> [Extracted records]:
::::::::::

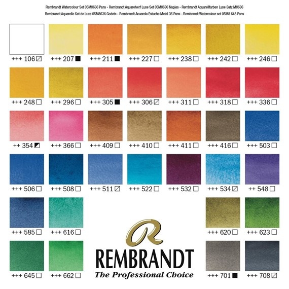 Rembrandt Watercolour metal tin set | 36 half pans + 1 brush
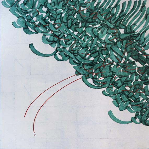 Aghighi Bakhshayeshi / Traces 8,150x150cm, oil and silver lea on canvas, 2012 / Courtesy of Galerie Kashya Hildebrand
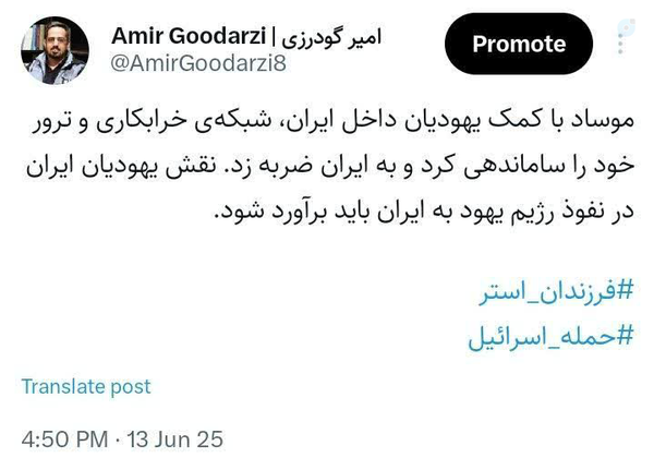 عبداله تراب@Drtorbat13 June 2025Replying to @Forghan1214محدوده خیانت را کوچک نبینیم! امثال محسن لنگرنشین معدوم و یا محمدصالح لبنانی، لزوما یهودی نبودند...00033
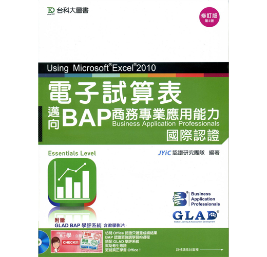 1.本書分為「Excel 2010 電子試算表實用技能篇」與「BAP國際認證測驗試題與解析篇」,不僅能紮實學會Excel 2010,讓您能學以致用,亦能輕鬆考取BAP國際認證,有效提昇競爭力!
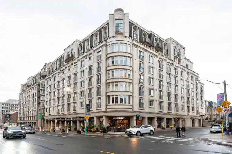 Distinctly, One of One. Suite 803 is a sub-penthouse that offers all the hallmarks of fine living. 9-foot smooth ceilings throughout accented by crown mouldings, gallery-quality wall space, and floor-to-ceiling French doors that flood every living space with natural light through custom Hunter Douglas blinds. Hardwood flooring and solid wood Shaker doors throughout exude quality.The inviting foyer leads to the open concept living and dining rooms and a Chef-inspired kitchen with exquisite marble counters and curated appliances. The expansive primary bedroom easily supports a king-sized suite of furniture and features 3 double built-in custom closets. A sumptuous 4-piece primary ensuite features a mosaic tile floor, a large shower enclosure and classic double vanity with marble top. The spacious and inviting 2nd bedroom has a large double closet and could serve as your home office and den. The luxury continues with the main bath featuring an immersion tub with a rain shower, a large vanity and additional storage cabinet. All 6 floor-to-ceiling French doors provide access to 3 balconies that wrap this beautiful corner suite. This extraordinary living space comes with 2 deeded parking spaces that are just steps from a large, exclusive use locker. 1 Balmoral Avenue is a mid-rise building of only 133 suites with impeccable property management, a dedicated, long-serving Concierge team and support staff. 40 visitor parking spaces and 2 guest suites ensure your guests are comfortably accommodated. *Status Certificate is available*.
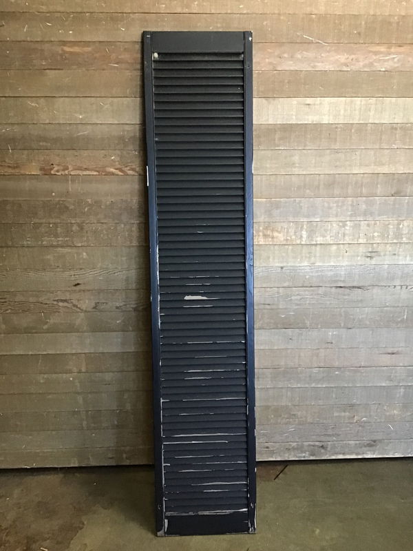 Wood exterior shutter in fair, used condition. The black paint on all sides is chipping pretty bad. Best to power wash or scrape off and repaint. Price reflects condition. Could be fun to repurpose for decor!

::::::::::

> [Exercise]:
Repeat the entries above exactly as written, but not their pictures.

> [Answer box]:
 Rembrandt Watercolour metal tin set | 36 half pans + 1 brush
 Aghighi Bakhshayeshi / Traces 8,150x150cm, oil and silver lea on canvas, 2012 / Courtesy of Galerie Kashya Hildebrand
 عبداله تراب@Drtorbat13 June 2025Replying to @Forghan1214محدوده خیانت را کوچک نبینیم! امثال محسن لنگرنشین معدوم و یا محمدصالح لبنانی، لزوما یهودی نبودند...00033
 1.本書分為「Excel 2010 電子試算表實用技能篇」與「BAP國際認證測驗試題與解析篇」,不僅能紮實學會Excel 2010,讓您能學以致用,亦能輕鬆考取BAP國際認證,有效提昇競爭力!
 Distinctly, One of One. Suite 803 is a sub-penthouse that offers all the hallmarks of fine living. 9-foot smooth ceilings throughout accented by crown mouldings, gallery-quality wall space, and floor-to-ceiling French doors that flood every living space with natural light through custom Hunter Douglas blinds. Hardwood flooring and solid wood Shaker doors throughout exude quality.The inviting foyer leads to the open concept living and dining rooms and a Chef-inspired kitchen with exquisite marble counters and curated appliances. The expansive primary bedroom easily supports a king-sized suite of furniture and features 3 double built-in custom closets. A sumptuous 4-piece primary ensuite features a mosaic tile floor, a large shower enclosure and classic double vanity with marble top. The spacious and inviting 2nd bedroom has a large double closet and could serve as your home office and den. The luxury continues with the main bath featuring an immersion tub with a rain shower, a large vanity and additional storage cabinet. All 6 floor-to-ceiling French doors provide access to 3 balconies that wrap this beautiful corner suite. This extraordinary living space comes with 2 deeded parking spaces that are just steps from a large, exclusive use locker. 1 Balmoral Avenue is a mid-rise building of only 133 suites with impeccable property management, a dedicated, long-serving Concierge team and support staff. 40 visitor parking spaces and 2 guest suites ensure your guests are comfortably accommodated. *Status Certificate is available*.
 Wood exterior shutter in fair, used condition. The black paint on all sides is chipping pretty bad. Best to power wash or scrape off and repaint. Price reflects condition. Could be fun to repurpose for decor!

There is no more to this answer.